Confirmation or not?

The adviser, agent or broker is under no obligation to verify the accuracy and extent of the insured’s declaration under settled case law. Since mutual trust is the basis of the relationship between the insured and the insurance company; as long as the proof of bad faith of the insured is not presented, the underwriter of the insurance contract is considered to be in good faith. The insurance company does not have to check the value of the vehicle or the conformity of the driving license with the type of vehicle insured. However, the insurance company must carry out further checks if the insured’s declaration contains elements that may cast doubt on its good faith.

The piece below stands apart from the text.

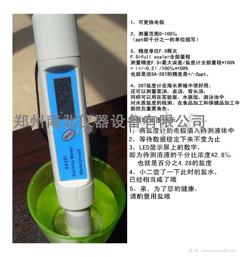 產品名稱:筆式數顯鹽度計SA-287 鹽度筆 海水鹽度檢測

The invalidity of a contract affects the parties to the contract, but also third parties. In the case of victims of car accidents, the insurance company that intends to invoke the invalidity of the contract must declare it to the Automobile Guarantee Fund (FGA) and to the victim or his heirs, so that compensation for the damage is taken into account. FGA. Photo DR

The consequences of an inaccurate statement

In the event of intentional misrepresentation, the insured is at great risk. In fact, Article L113-8 of the Insurance Law provides that: “The insurance contract is void in the event of reluctance or intentional misrepresentation on the part of the insured… The premiums paid then remain the property of the insurance company, which is entitled to the payment of all premiums due as compensation .”

The contract is deemed never to have existed and the insured must repay the compensation received for his misrepresentation. In the event of damage, the insurance company will reject compensation and oblige the person responsible for the damage to compensate the injured party.